Newman is set to be discussed by the Justices in their “long conference” on Sept. 28 (today) which means that a decision on whether the court will hear the case could come sometime this week. Several things to note: (1) the “long conference” is the largest certiorari-related meeting of the year at which the Justices address all of the petitions that have piled up over the court’s summer recess (and likely at the end of the preceding term). The justices will discuss nearly 2,000 petitions during this conference. History suggests that petitions reviewed at this conference are granted only half as often as those addressed at other times of year; (2) In addition to deciding to grant or deny certiorari or deny it at that conference, Supreme Court watchers have noted that the court increasingly “holds over” petitions for a subsequent conference. Statistically, doing so increases the likelihood that the court will ultimately grant certiorari. Since the vast majority of petitions will be denied at this conference, perhaps the best outcome the government can hope for is that the Newman petition will be held over for later consideration. We’ll know something more shortly.
Meanwhile, back in the Southern District of New York, Judge Jed Rakoff handed the SEC a win earlier this month when he denied defendants’ efforts to apply the Newman standard to the SEC’s civil enforcement action in SEC v. Payton. Judge Rakoff denied defendants’ summary judgment motion and sided with the SEC, concluding that, unlike in a criminal action, the agency need not prove that defendants knew that the initial tipper received a meaningful “personal benefit” in exchange for the disclosed inside information. The court did not explain its rationale, but the SEC had argued that it was entitled a lower burden of proof (i.e., recklessness, as opposed to knowledge of personal benefit, and a lower quantum of personal benefit) than is required under Newman. However, the court also indicated that, in light of the pending Newman petition for certiorari, and the possibility that the Supreme Court could ultimately alter the Newman analysis, he would give any party the opportunity to seek a stay pending Newman’s final resolution. Defendants indicated that they would request such a stay.
The SEC Loses An Insider Trading Case On Its Home Court
These two topics converged in mid-September in In re Ruggieri.

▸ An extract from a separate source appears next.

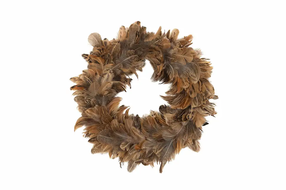 Krans med fjädrar som är fin att hänga upp som dekoration. Finns i flera färger och storlekar.
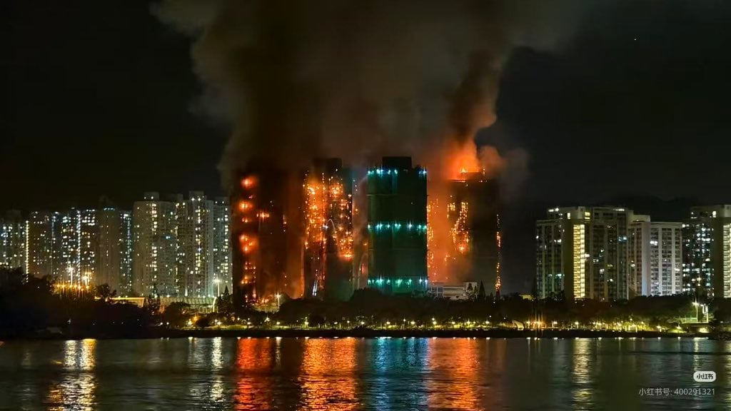 Οι φλόγες συνεχίζουν να καίνε τις σκαλωσιές από μπαμπού στα κτίρια, αναφέρουν τοπικά μέσα ενημέρωσης. Οι φλόγες τύλιξαν και τα οκτώ κτίρια του συγκροτήματος Wang Fuk Court, με πολλούς κατοίκους να έχουν παγιδευτεί μέσα στα διαμερίσματα.

There, an SEC ALJ dismissed a civil insider trading case based on Newman. Like the commission in Timbervest, the ALJ first dismissed Ruggieri’s constitutional challenges based on the Appointments Clause and the argument regarding the multiple strata between the President and the ALJs. However, on the merits, the ALJ sided with Ruggieri. The ALJ applied Newman and concluded that the agency did not show that the tipper (Bolan) gave Ruggieri inside information in exchange for a personal benefit. In doing so, contrary to the Government’s Newman petition, the ALJ stated that he “d[id] not . . . read Newman as conflicting with Dirks.” Rather, he believed it simply “clarif[ied] the standard where proof of a personal benefit is based on a personal relationship or friendship.”
The SEC adequately demonstrated that the tipper (Bolan) provided inside information to others, including Ruggieri, on multiple occasions. However, the SEC had only demonstrated that Ruggieri gave the tipper general career advice and that the two simply had an “amicable working relationship” rather than a meaningful, close, or personal friendship. As a result, the ALJ concluded that the SEC had not shown that Ruggieri provided Bolan any meaningful “personal benefit” in exchange for the inside information or that the two shared a sufficiently close relationship.
Ruggieri does not demonstrate that the SEC’s administrative court is a level playing field or lacks the constitutional infirmities being challenged in federal court; however, at least in this instance, it shows that a defendant can sometimes still prevail before the SEC. It might also suggest that the SEC’s newer ALJs (Judge Patil is the newest and has only been an ALJ for a year) might be less institutionally-aligned and more independent than more seasoned ALJs. Only time will tell if that is the case and what the repercussions of that independence might be.